¿Qué calidad de madera produciremos en el futuro?, un análisis sobre los desafíos de integrar valor adaptativo y tecnológico ante un clima cambiante

Investigadores argentinos analizan cuáles son estos desafíos de integrar el valor adaptativo y tecnológico de la madera frente al impacto del Cambio Climático: Alejandro Martínez Meier, Anne Sophie Sergent, Guillemina Dalla Salda, Gonzalo Caballé, del Instituto Nacional de Tecnología Agropecuaria IFAB (INTA – CONICET), INTA EEA Bariloche (Grupo de Ecología Forestal – LEEMA); Philippe Rozenberg (UMR BIOFORA – Orléans, Francia); y María Elena Fernández, del Consejo Nacional de Investigaciones Científicas y Técnicas (CONICET) – INTA EEA Balcarce, oficina Tandil INRA, comparten sus visiones técnicas y abren el debate hacia la comunidad forestoindustrial.

 

ARGENTINA (Septiembre 2019).- La madera cumple funciones de transporte y almacenamiento de agua, nutrientes y carbohidratos, fundamentales para la sobrevivencia de las especies leñosas frente a variaciones del ambiente. La densidad de la madera, una propiedad emergente de las características anatómicas (proporción de lúmenes y paredes celulares), se relaciona con la capacidad de conducción de agua en el xilema, siendo una variable clave en la arquitectura hidráulica de la planta. Sirve de soporte mecánico y es materia prima para la industria, con lo cual se constituye en una variable de gran valor tecnológico, cobrando relevancia para los procesos de producción, creación, diseño e implementación de productos para el agregado de valor en origen.

Se suele afirmar que la densidad permite identificar la calidad de una madera en relación a su uso final: estimar su dureza, porosidad, comportamiento frente a esfuerzos mecánicos, cambios dimensionales, calidad de acabados y rendimiento de distintos procesos industriales, entre otros.

Numerosos estudios describen las propiedades físicas y mecánicas de la madera y, otros tantos, se enfocan en las propiedades hidráulicas, para comprender cómo los árboles son capaces de armonizar sus estructuras en respuesta a las variaciones ambientales. Sin embargo, son escasas, casi nulas, las referencias que relacionan ambos aspectos y que permitan saber si es posible promover una silvicultura y/o una selección de genotipos con características tecnológicas deseables sin condicionar su capacidad de respuesta frente al aumento del estrés abiótico producto del cambio climático.

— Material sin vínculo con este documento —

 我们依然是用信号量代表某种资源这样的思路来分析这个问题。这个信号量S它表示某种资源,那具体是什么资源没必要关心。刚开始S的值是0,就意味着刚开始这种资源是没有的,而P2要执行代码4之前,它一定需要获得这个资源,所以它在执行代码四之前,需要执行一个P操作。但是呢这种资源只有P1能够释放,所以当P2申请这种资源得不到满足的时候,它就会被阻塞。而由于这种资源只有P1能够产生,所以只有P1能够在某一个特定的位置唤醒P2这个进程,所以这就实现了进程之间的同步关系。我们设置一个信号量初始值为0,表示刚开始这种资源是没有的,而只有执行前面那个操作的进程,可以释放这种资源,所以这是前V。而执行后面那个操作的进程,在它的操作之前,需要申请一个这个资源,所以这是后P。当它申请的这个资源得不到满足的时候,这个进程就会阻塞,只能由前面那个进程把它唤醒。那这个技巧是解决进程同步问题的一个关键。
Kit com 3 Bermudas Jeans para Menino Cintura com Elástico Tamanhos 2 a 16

Las prácticas silvícolas como podas y raleos tienen el potencial de mejorar las características de la madera y las oportunidades para agregar valor en etapas posteriores de transformación por maquinado, además de modificar la ecofisiología de las plantas con impactos sobre su eficiencia de crecimiento. Por otro lado, la variación de la densidad de la madera entre individuos y dentro de estos puede ser atribuida al acervo genético propio de cada individuo, la edad cambial [1], la disponibilidad de recursos, como así también es afectada por condiciones ambientales, como el clima.

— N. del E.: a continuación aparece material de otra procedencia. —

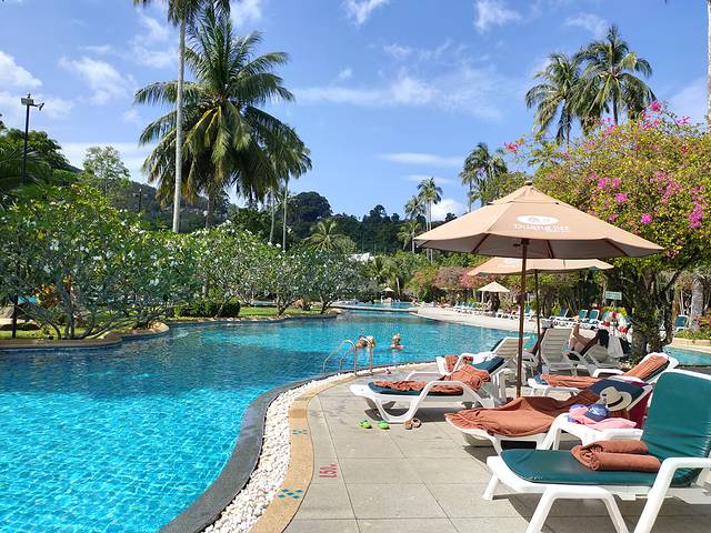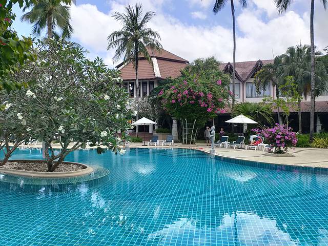 酒店的游泳池之三,普济岛上比较好的度假村都是那种从大门口看过去,一眼望不到建筑的,不明白里面是干嘛的,占地面积超大的酒店,反正是能看到比较高的楼的那种酒店都比较一般。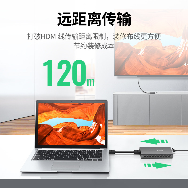 Сеть Green Union HDMI Extender передает 4K120 метров к высокоопределению видеоинженерно -инженерная реле HDMI в RJ45 Усиление сигнала расширения сетевого кабеля.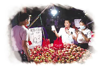 “妃子笑,试下试下。”来自湛江雷州24岁的陈雪珠与丈夫,人手一个单独水果摊位。老公负责卖西瓜葡萄,陈雪珠在自己的摊位上忙着给客人称荔枝。从工厂辞工后,陈雪珠就卖起水果,不过她平时都是流动叫卖多。“摆摊,看到哪里人多就去哪里。”前两周,城管和村里专门把她引导到这里的新地摊区域,固定了下来。“看大家一起摆摊,很开心。摊位固定了好很多,不用到处流动,安全很多。外面摆摊阻碍车道,自己也觉得危险。”陈雪珠一般下午四点多就出来摆水果摊位,直到晚上十一二点才回去。她说,摆地摊一天有200元收入。

Efectos climáticos extremos

Tanto a nivel mundial, como nacional y regional, existe una creciente preocupación sobre los escenarios climáticos futuros.

La SAyDS de la Nación publicó en su 3° Comunicación Nacional sobre Cambio Climático que, en los últimos 50 años, la temperatura en Argentina aumentó menos de 0,5° C a nivel de todo el país y más de 1° C en la región Patagónica. De la misma manera, ha aumentado el índice de eventos climáticos extremos, mientras que las proyecciones para un futuro inmediato hablan de un aumento de temperatura independientemente de las emisiones de gases de efecto invernadero.

La reducción del crecimiento y la mortalidad de árboles, documentados en varias regiones del planeta (Figura 1), son asociados con procesos fisiológicos de estrés inducidos por un factor causal en común: elevada temperatura y/o estrés hídrico.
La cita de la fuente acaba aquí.